Brazil enters the year with an overheated economy after several years of procyclical fiscal policy. Growth slowed at the end of 2025 and is expected to fall to 1.8 per cent in 2026. Public debt is rising quickly, and the International Monetary Fund forecasts that the level will reach 95 per cent of gross domestic product this year. Elevated inflation limits how much the central bank can cut interest rates.
The October general election is set to dominate Brazil’s political and market dynamics. The race remains open, with São Paulo Governor Tarcísio de Freitas emerging as a leading challenger to President Luiz Inácio Lula da Silva. The entry of senator Flávio Bolsonaro has increased political tension and unsettled markets.

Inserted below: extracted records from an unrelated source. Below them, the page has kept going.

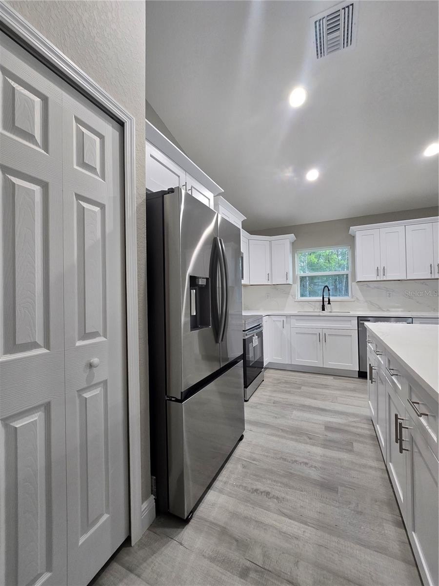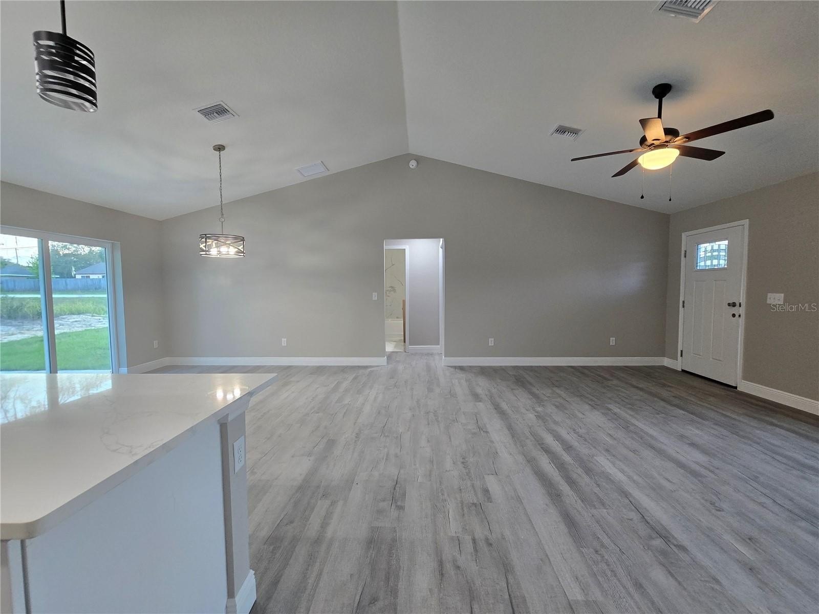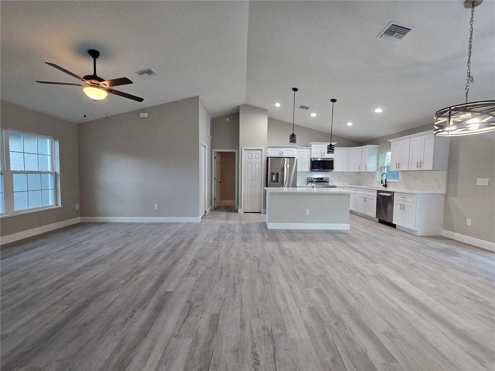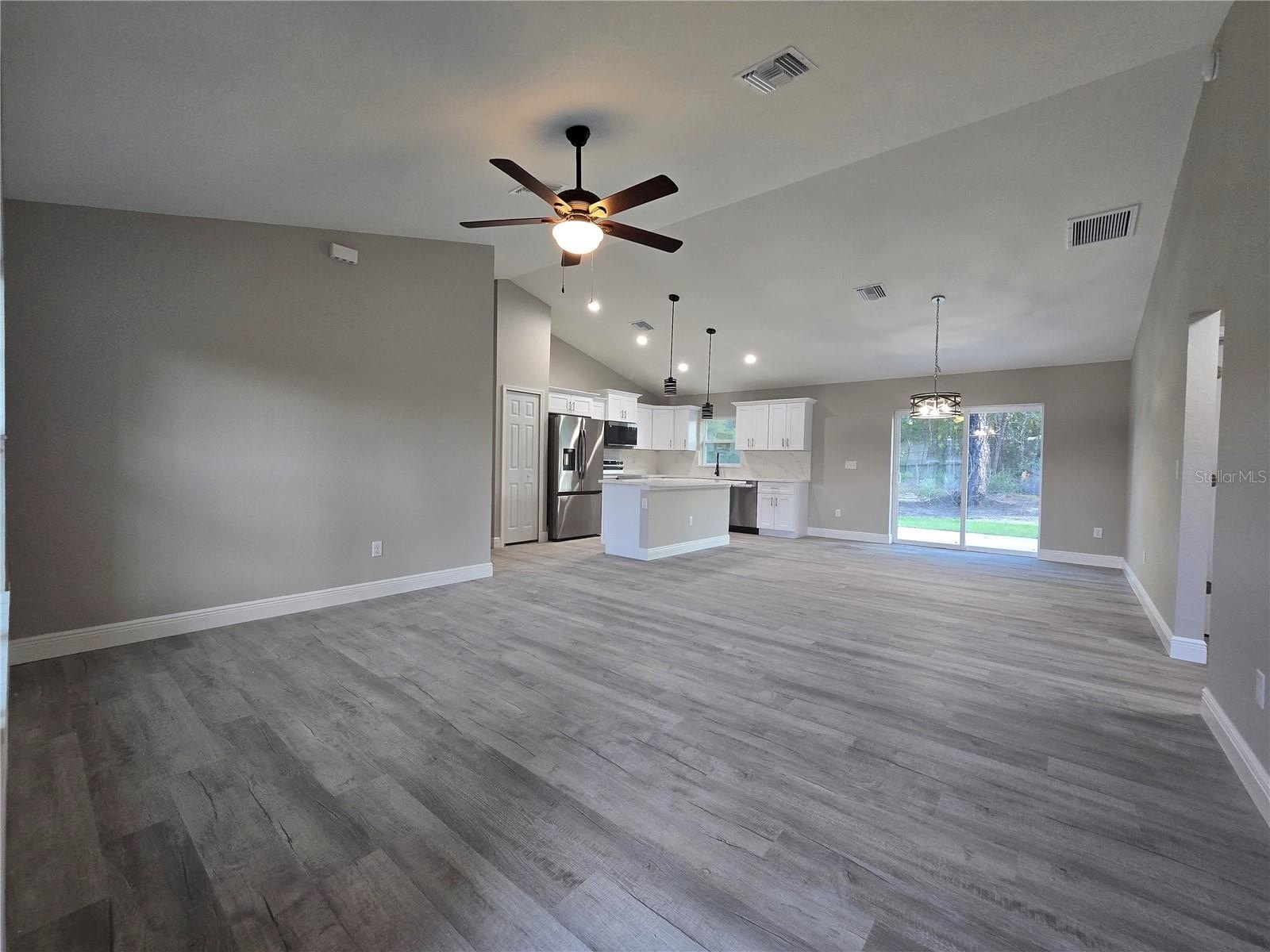 Come see this wonderfully styled, 3 bedroom, 2 bath, 2 car garage on a OVERSIZED .25 AC CORNER LOT in the very popular Silver Springs Shores area. This home features a split plan, high ceilings & QUARTZ STONE counters in the KITCHEN, BATHROOMS & WINDOW LEDGES! When you step in side, you will notice the open design with tall ceilings and a split floor plan. The primary bedroom features an oversized closet & en suite bathroom with A FULLY TILED, EZ ENTRY SHOWER & linen closet. The kitchen, has whisper quiet drawers & UPGRADED cabinets with stylish knobs. Gorgeous sink with a beautiful open view. DELUXE SMART APPLIANCE PACKAGE INCLUDES Stainless steel Fridge, Dishwasher, Stove & Microwave comes with the home. A beautifully patterned Quartz counter island comes with room for chairs. Nearby, you have access to the laundry room & garage via a handy pocket door. Across the house, the secondary rooms share the bathroom and will have good space for a full size bedroom set, office, or a game room. The choices are endless! Ample closet space has been supplied as well for all of their storage needs. The .25 acre CORNER LOT gives you plenty of room for all of your toys! NOT IN AN HOA so you are free to build a fence, add a pool, do what you want, how you want! On a well and septic system so NO UTILITY BILLS is also a great plus! If you install back up power in preparation for any possible outage, you will still have use of water and sewer as long as you have electric! Close enough to give you access to Belleview, Summerfield, The Villages, The Interstate and beyond. Less than 10 min to Wal-Mart, Publix, Aldi & Save a Lot, The post office, 3 auto parts stores & car washes as well as many food & medical offices nearby for ease. A short drive in either direction will lead to Ocala's downtown square or to our famous Lake Weir, where you can boat, kayak, jet ski, or enjoy a meal on the lake over looking the sunset. First Time Homebuyer & Veteran friendly! Almost completed, you can be in QUICKLY!
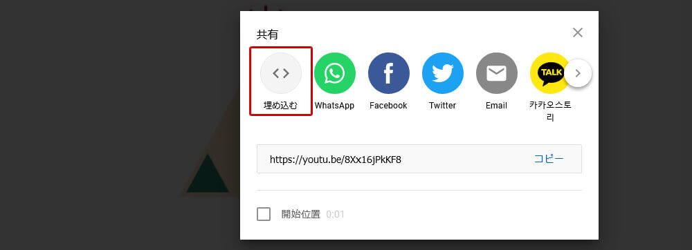 YouTube動画 埋め込みコードの取得方法
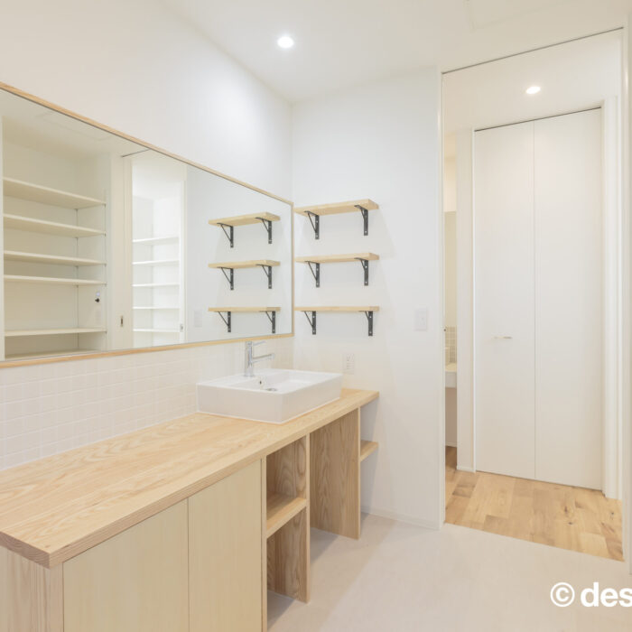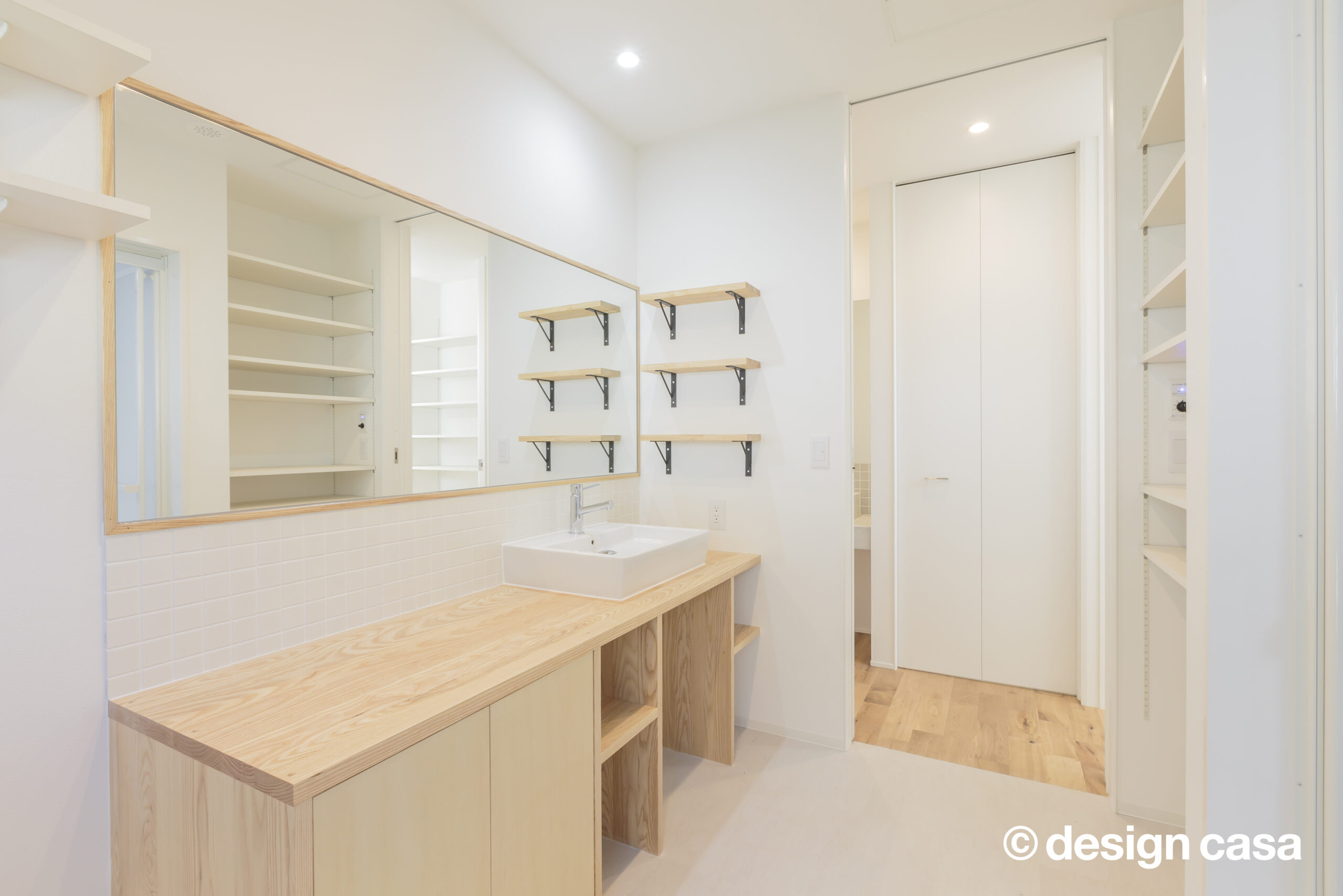 洗面・脱衣・ランドリーが一体となった効率的な設計。勝手口やファミリークローゼットともつながり、家事動線を最短に。
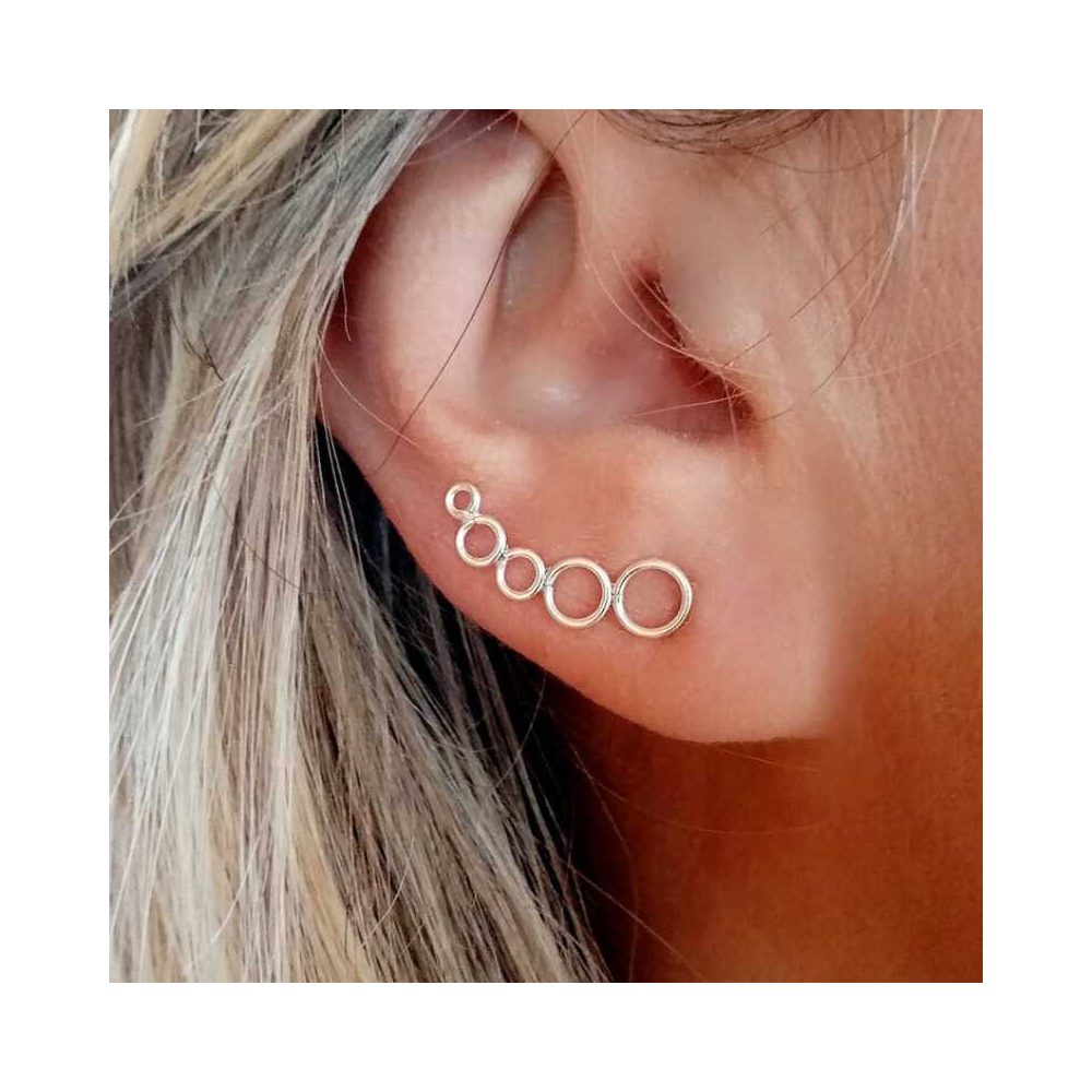 Modern circle climber earrings crafted in 925 sterling silver with a sleek polished finish. Featuring 5 hollow circles for a sophisticated look.
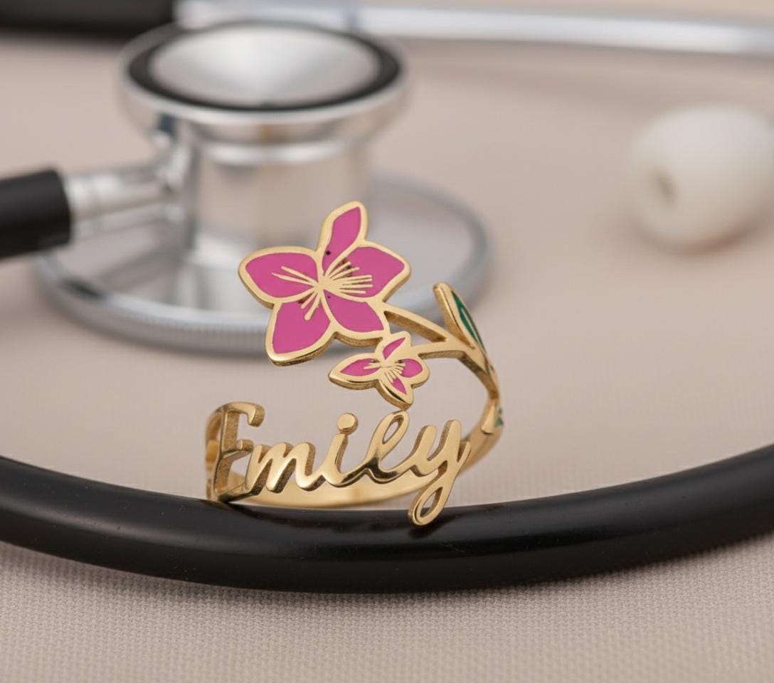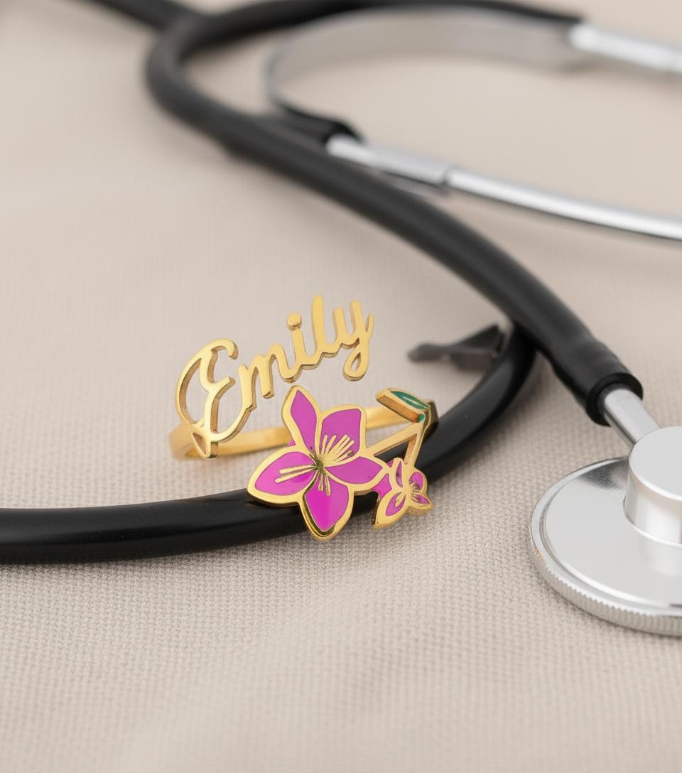 The adjustable ring features a delicate stethoscope design paired with your month’s birth flower in its true enamel color — a meaningful keepsake made especially for nurses, doctors, and medical professionals.

“Markets are watching whether Brazil will move towards or away from more market‑friendly policies, and that uncertainty will continue to drive asset prices in the months ahead”, says Erik Meyersson, Chief Emerging Markets Strategist at SEB.
Mexico also faces headwinds as fiscal consolidation slows growth. The economy expanded by only 0.5 per cent in 2025 and is expected to grow by 1.3 per cent this year. Strong exports, including increased sales of technology‑related products, have helped offset some of the weakness, but slowing employment growth and tighter public finances weigh on activity.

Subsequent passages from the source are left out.